SUPPLIED RECORDS >>
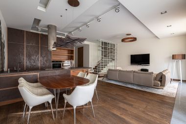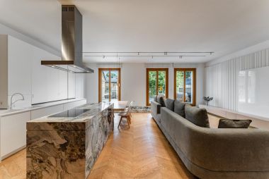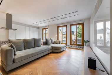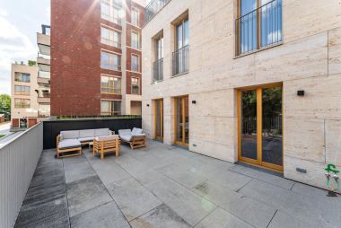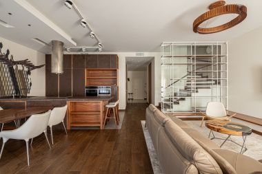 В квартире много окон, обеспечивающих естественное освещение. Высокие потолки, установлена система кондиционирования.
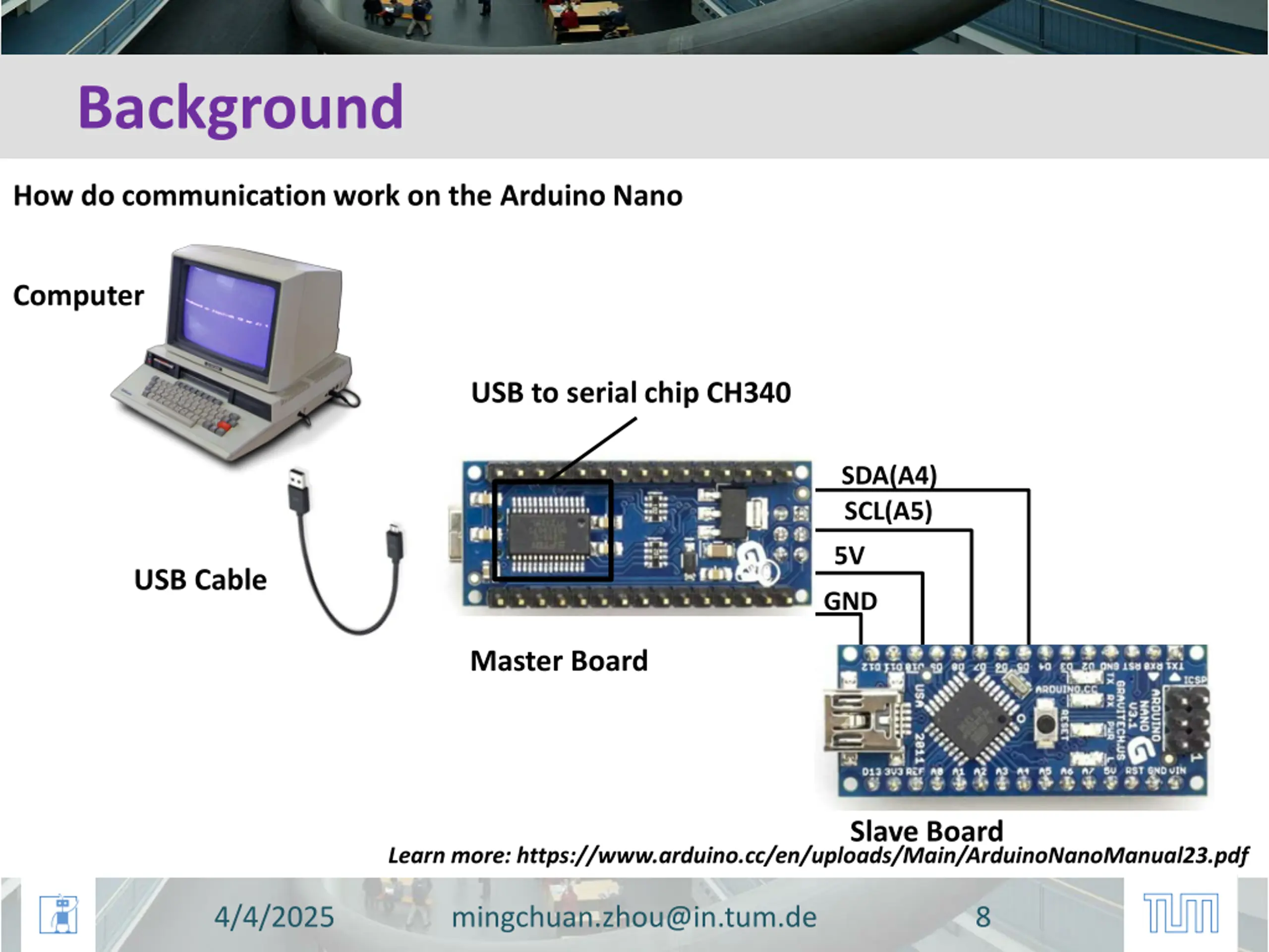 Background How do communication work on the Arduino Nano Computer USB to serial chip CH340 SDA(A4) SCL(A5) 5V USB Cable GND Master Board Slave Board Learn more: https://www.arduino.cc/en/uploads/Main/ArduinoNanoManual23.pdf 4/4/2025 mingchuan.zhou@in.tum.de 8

--

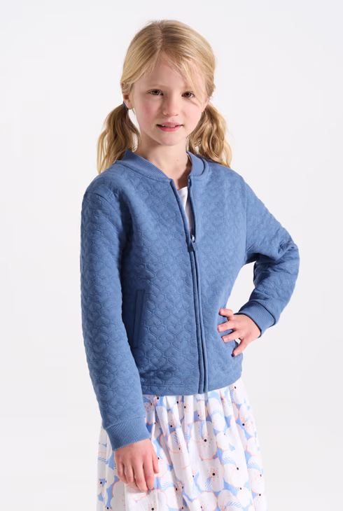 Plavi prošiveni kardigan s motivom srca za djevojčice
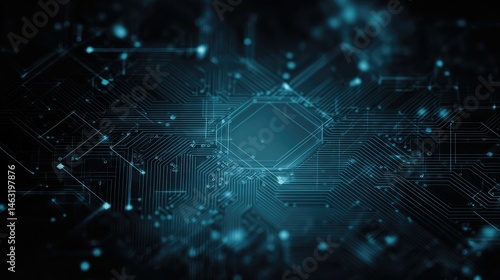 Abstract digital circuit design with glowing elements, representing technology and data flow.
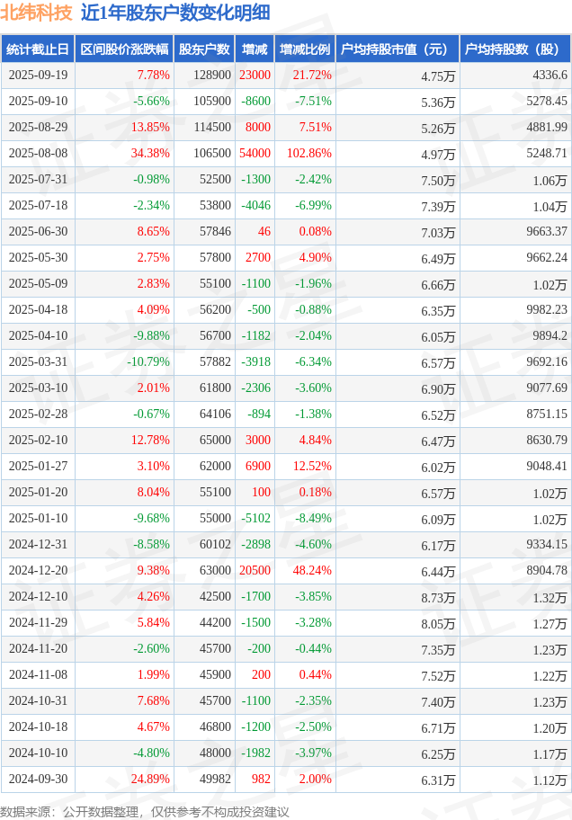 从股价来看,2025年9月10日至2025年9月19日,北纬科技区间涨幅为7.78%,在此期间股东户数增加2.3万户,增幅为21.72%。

WHAT YOU NEED TO DO >> The lines to reproduce run from the one above containing "Plavi prošiveni kardigan" through the one containing "从股价来看,2025年9月1". Copy them exactly and leave out all pictures.

OUTPUT OF THE TASK >>
 Plavi prošiveni kardigan s motivom srca za djevojčice
 Abstract digital circuit design with glowing elements, representing technology and data flow.
 从股价来看,2025年9月10日至2025年9月19日,北纬科技区间涨幅为7.78%,在此期间股东户数增加2.3万户,增幅为21.72%。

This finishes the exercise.